BERT and Masked Language Models
What
BERT (Bidirectional Encoder Representations from Transformers): a pretrained transformer encoder that understands text by looking at context from both directions.
Pretraining
- Masked Language Modeling: mask 15% of tokens, predict them from surrounding context
- “The [MASK] sat on the mat” → “cat”
- This forces the model to understand context deeply
Fine-tuning
Take pretrained BERT, add a small head, fine-tune on your task:
from transformers import AutoModelForSequenceClassification, AutoTokenizer
tokenizer = AutoTokenizer.from_pretrained("bert-base-uncased")
model = AutoModelForSequenceClassification.from_pretrained(
"bert-base-uncased", num_labels=2
)
inputs = tokenizer("This movie is great!", return_tensors="pt")
outputs = model(**inputs)Use cases
- Text classification (sentiment, topic, intent)

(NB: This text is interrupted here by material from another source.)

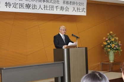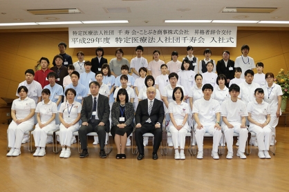 平成29年4月3日(月)に特定医療法人社団千寿会とことぶき商事株式会社の入社式を行いました。今年度は医師や看護師をはじめ、理学療法士やケアワーカーなど38名の新入職員を迎えました。
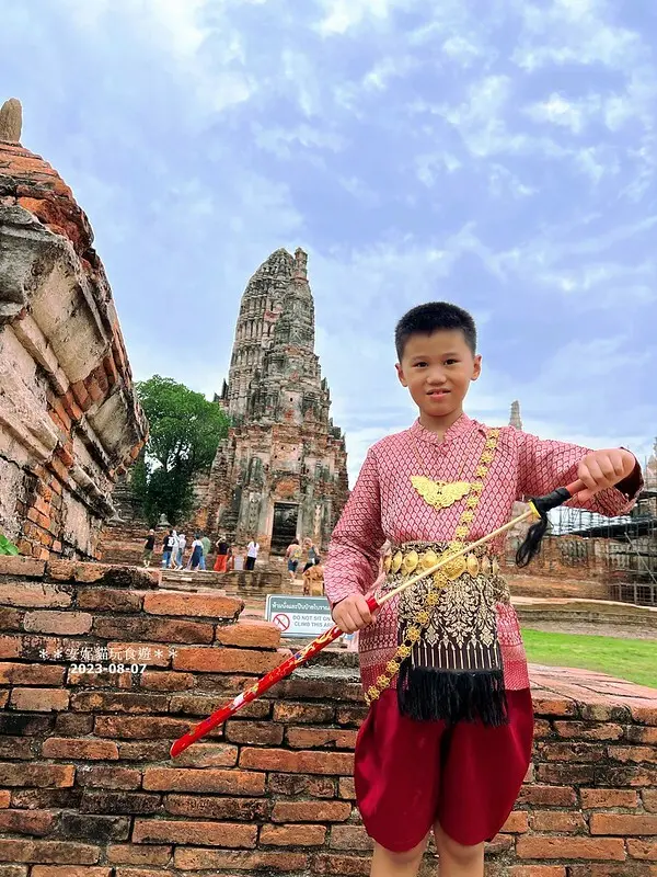 午餐後的行程開始,我們朝大城的「柴瓦塔那蘭寺」出發!這座被稱為「貴妃寺」的景點,是許多人來大城的必訪之地。司機剛停好車,我們還沒來得及買票入園,就看到對面一整排色彩繽紛的泰服出租店。雖然我和蘇菲早在曼谷訂好了泰服,原本打算在這裡略過,但翔哥突然說他想體驗看看!

- Named entity recognition
- Question answering
- Sentence similarity
- Any task that requires understanding text (not generating)
Variants
| Model | Notes |
|---|---|
| BERT | Original, English |
| RoBERTa | Better training, no NSP, more data |
| DistilBERT | 60% size, 97% performance — for production |
| DeBERTa | Disentangled attention, often best |